Scientists at UC Berkeley have built a tiny, wireless sensor that might someday be able to monitor muscles or organs in real time, stimulate nerves to treat diseases, or allow people to control prosthetics with their minds.

The sensor is a 1-millimeter cube, about the size of a grain of sand. Researchers implanted them in the muscles and peripheral nerves of rats to record electrical activity, which provides information about how the nervous system is functioning in actual time. The research was published this month in Neuron.

One of the major problems in neurotechnology has been figuring out how to make durable and unobtrusive  implants that  can record and stimulate nerves. There are electrodes that connect a human brain to a prosthetic, such as a robotic arm, but they are cumbersome and have not been engineered to last for decades.

"We thought what if we could build really tiny things," says lead author Michel Maharbiz, professor of Electrical Engineering and Computer Sciences (EECS) at UC Berkeley, "untethered, no wires—and put them into your body, literally a little cube of sand could be put into your body, right next to the neuron that you cared about, and we could talk to it from the outside, without any wires or anything—then that would be a step towards solving  [the problem]."

The 'Aha' Moment

The first breakthrough, Maharbiz says, is that he and his colleagues, including Jose Carmena,  a world leader in brain-machine interfaces, turned to ultrasound and not  radio waves as a means of reading the electrical signals deep in the body. It's similar to how scientists use sonar to explore the depths of the ocean.

Ultrasound loses far less power in the body's tissues and scatters far less than radio waves. That means ultrasonic energy can penetrate more deeply at a given power, and less energy gets introduced into tissues where it's not wanted.

Here's the video UC Berkeley produced to explain "neural dust":

"For objects that are smaller than a millimeter, communicating with [radio waves] deep in the body is very difficult," Maharbiz says. "It's essentially a losing proposition, because your body is salt water, effectively, and absorbs all of that energy [that then]  gets lost in your body."

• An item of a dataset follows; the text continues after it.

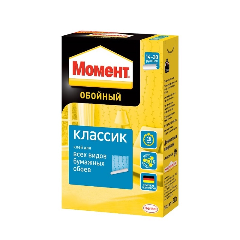 Предназначен для наклеивания всех видов бумажных обоев: гладких, структурных, гофрированных, дуплексных, тяжелых, также подходит для виниловых и других специальных обоев. Расход 150-250 мл/м². Количество рулонов (стандартный рулон обоев 10,05*0,53м): Легкие бумажные однослойные обои: 19-20 Тяжелые бумажные обои, структурные, грубоволокнистые, пенообои: 14-15 Обои дуплекс, гофрированные, моющиеся, потолочные: 16-18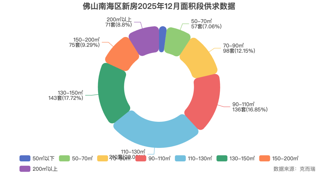 首先,从面积段成交结构看,2025年12月,佛山南海区200㎡以上的大户型成交套数占比虽小,但成交金额贡献巨大。建发灯湖缦云正是踩中了这一趋势,其主力产品集中在200㎡以上(建面),精准匹配了高购买力客群的需求。

The next big breakthrough for the research team was to get the sensor device, no bigger than a speck of dust, to work in a actual organism, by implanting it next to a peripheral nerve in a rat.

"The trick is, we put this little [sensor]  in [the rat], we hit it with ultrasound and what reflects back is telling us what the neuron nearby is doing," says Maharbiz.

Because of its small size and durability, neural dust may have promise, Maharbiz says, to improve treatments for  human diseases such as epilepsy and disabilities such as tetraplegia.

What's in a Name?

Coined by Maharbiz, the term "neural dust" pays homage to work done 20 years ago by Kristofer Pister, another professor at EECS. Pister is the inventor and key implementer of something called Smartdust, which is a term that describes a collection of wireless microelectomechanical sensors that can detect everything from light to vibrations using radio waves.

Maharbiz laughs softly as he reminisces about the term "smart dust" making it "into lots of science fiction books about [how] our future was going to have all these tiny sensors everywhere in the world and they would be taking data and communicating."

Now in a world of activity trackers and neural dust,  it seems that future may not be so far away.